The Dark is Rising – by Susan Cooper
There are few books that have as much power as the books you read when you’re young. And like lots of kids, I grew up reading fantasy novels: Ursula le Guin, CS Lewis, Alan Garner… anything to do with magic, monsters or King Arthur. I remember one week I was ill and my mother bought me Over Sea, Under Stone, the first in a five-book fantasy series. I enjoyed it, without thinking it was particularly great. Nevertheless, I bought the second book, The Dark is Rising. I loved it. I read it over and over. I obsessed over it. On his eleventh birthday, the young protagonist, Will Stanton, discovers he is an Old One, an agent of The Light, destined to fight against the powers of The Dark. I remember my own disappointment when I awoke on my eleventh birthday and discovered I had no amazing new magical powers. Still, I’ve come to terms with that.
I still have my copy of The Dark is Rising (complete with strange typo where one of the character’s names changes from Mary to Margaret). It has been read 40 or 50 times and is falling apart. Books are one of the few items where neglect is a sign of affection.

A Year in the Life of TheManWhoFellAsleep – by Greg Stekelman
I wasn’t going to include this, but Simon said I should, and who am I to ignore Simon? This is my first novel – based on writing originally on my website. I’m terrible at summarizing my own work, so let’s call it a surreal, dark diary covering a year in the life of a fantastical character in north London. It is a celebration of both the cripplingly banal and the magically improbable. It has talking polar bears, Justin Timberlake, jokes, poems and interstellar porn. It’s available exclusively through The Big Green Bookshop. You should buy it.

Thanks Greg.

there's still time to vote, so don't be shy. You could win 20 books.

Friday, November 20, 2009

It's Almost Christmas. How did that happen?

When should a bookshop put up it decorations? The answer is next week.
When should a bookshop order it's Xmas Cards? The answer is yesterday.
When should a bookshop order it's Christmas books? the answer is last week and then maybe a few more this week and then another check next week.
When should a bookshop do its Christmas window? um, next week.
When should bookshops check they have enough bags and till roll to last through xmas? Look, stop asking all these questions OK.

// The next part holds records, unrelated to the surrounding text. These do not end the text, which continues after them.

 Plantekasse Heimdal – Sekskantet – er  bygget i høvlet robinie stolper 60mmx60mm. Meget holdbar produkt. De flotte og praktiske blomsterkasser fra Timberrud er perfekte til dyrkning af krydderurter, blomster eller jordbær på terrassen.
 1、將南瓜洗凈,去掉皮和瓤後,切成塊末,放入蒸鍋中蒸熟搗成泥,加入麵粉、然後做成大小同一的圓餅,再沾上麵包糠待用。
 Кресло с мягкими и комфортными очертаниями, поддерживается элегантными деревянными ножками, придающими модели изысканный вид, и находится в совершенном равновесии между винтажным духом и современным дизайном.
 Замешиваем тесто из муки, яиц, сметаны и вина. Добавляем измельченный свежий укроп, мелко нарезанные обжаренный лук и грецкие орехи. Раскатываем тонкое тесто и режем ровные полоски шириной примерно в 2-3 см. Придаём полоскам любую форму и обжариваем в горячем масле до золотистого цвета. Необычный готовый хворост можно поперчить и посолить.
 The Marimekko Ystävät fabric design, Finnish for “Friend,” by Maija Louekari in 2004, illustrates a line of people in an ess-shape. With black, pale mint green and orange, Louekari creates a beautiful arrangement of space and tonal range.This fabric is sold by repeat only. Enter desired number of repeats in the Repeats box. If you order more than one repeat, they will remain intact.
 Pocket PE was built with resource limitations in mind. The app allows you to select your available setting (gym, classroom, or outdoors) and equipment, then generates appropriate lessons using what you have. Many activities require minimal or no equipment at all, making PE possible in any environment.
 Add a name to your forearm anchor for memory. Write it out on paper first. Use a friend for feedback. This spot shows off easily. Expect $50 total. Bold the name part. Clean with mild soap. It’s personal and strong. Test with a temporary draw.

although lots of shops start their christmasses in September, we prefer to wait until the floods start and Children in Need is on the TV. This is a start of the traditional Big Green Bookshop Christmas, and we hope you understand.

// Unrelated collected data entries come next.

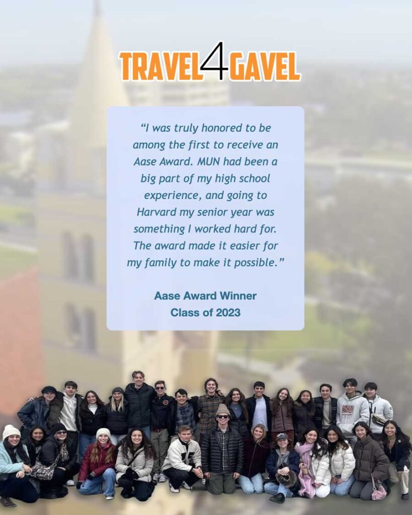 The Aase Fund was started by alumni of Huntington Beach High School to honor Lynn Aase, founder of HBHS’s powerhouse Model United Nations program. Thanks to our generous donors, we exceeded our goal of raising $50,000 by the program’s 50th anniversary in 2023 enabling us to start a capital fund and award our first Travel Grants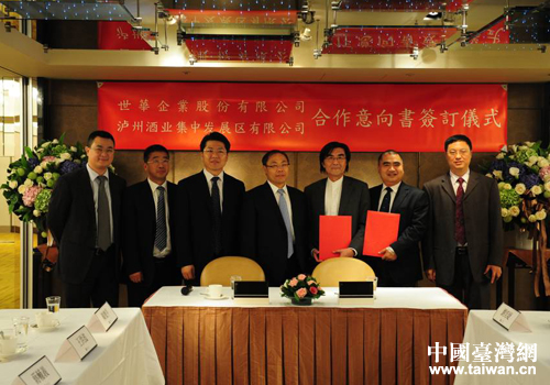 瀘州老窖與臺(tái)灣統(tǒng)一集團(tuán)世華股份公司合作簽字儀式。
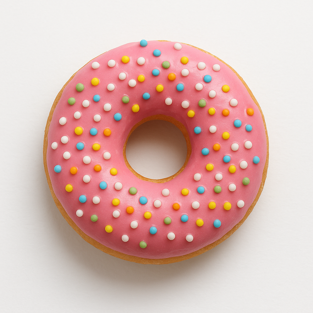 На изображении представлен яркий пончик, покрытый глазурью розового цвета. Поверхность пончика украшена разнообразной посыпкой, состоящей из маленьких круглых конфеток белого, голубого, зеленого, желтого и оранжевого цветов. Пончики являются популярным десертом и часто употребляются на завтрак или в качестве перекуса.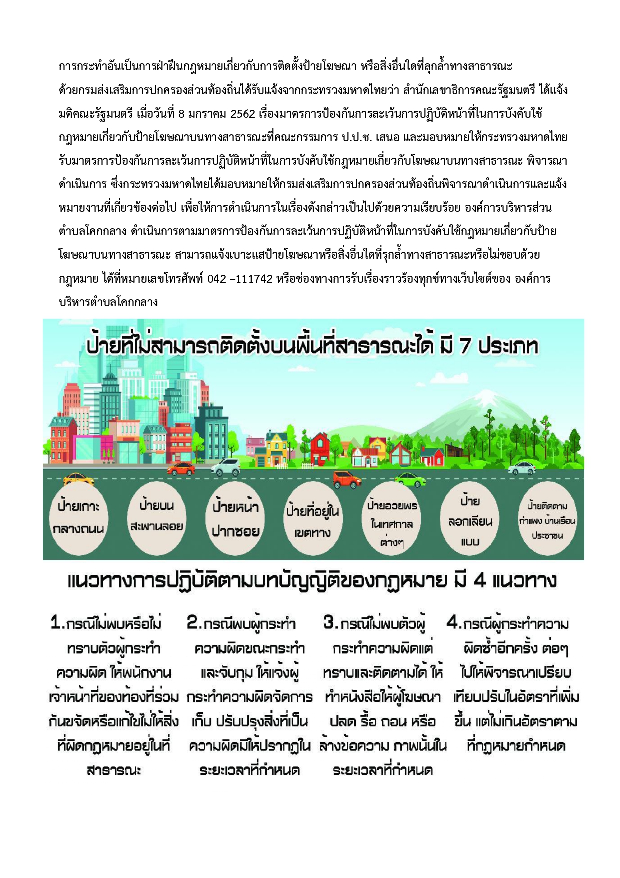 ชื่อเรื่อง : ช่องทางการแจ้งเบาะแสป้ายโฆษณา หรือสิ่งอื่นใดที่รุกล้ำทางสาธารณะหรือไม่ชอบด้วยกฎหมาย

The reason we do all our book ordering and stuff in November is because we are poor, and in the booktrade you have to pay for the stuff you buy at the end of the following month from when you bought it. So if we'd bought all our books in September, we'd have had to pay for them in October (not really the time when I do my Christmas shopping). So by buying everything in November, we can then screw are eyes shut really tight and cross our fingers in the hope that we sell lots of books over christmas, so that we can afford to pay for it all.

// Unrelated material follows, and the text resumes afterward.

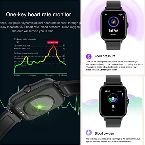 Adopted newest chip and advanced HRS3300 heart rate sensor, monitor heart rate automatically every 10-60 minutes all day. Measure the sleep time and sleep quality and display the measurement result. In addition to tracking real-time heart rate on the watch, also view your heart rate visually in the APP.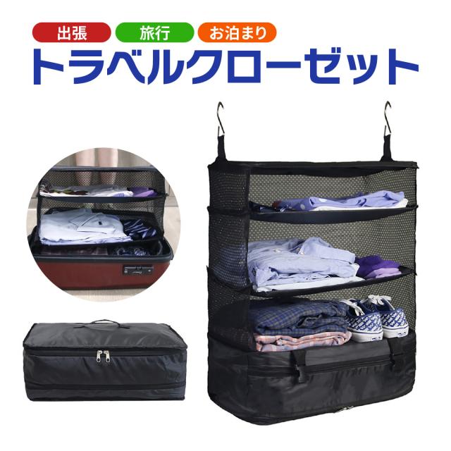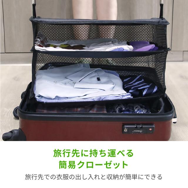 【旅行先に持ち運べる簡易クローゼット】旅行先での衣服の出し入れと収納が簡単にできる。

The other reason for slight tardiness is that we've been a bit busy lately, what with trying to organise loads of events, having 20 school classes coming in to do buy books for a fine fine thing called the Reading Challenge (a Council funded scheme in which kids are 'challenged' to read six books), as well as all the other bookshop stuff that we do, like sell books.

We're also coming towards the end of our 5 Favourite Books of all time (in no particular order) survey that we've been running. The final day for you to vote is this Sunday, and we've had loads and loads of your entries. But we'd love more, so feel free to send in your top 5. You could win 20 books!

Two events next week

Utter! poetry and Andrew Blackman, author of award winning On the Holloway Road.

Two events the following week.

Wine Adventurer Francis Gimblett and the launch of a new (and the only) history of Tottenham.

Then it'll be christmas i'd imagine, and we can all relax.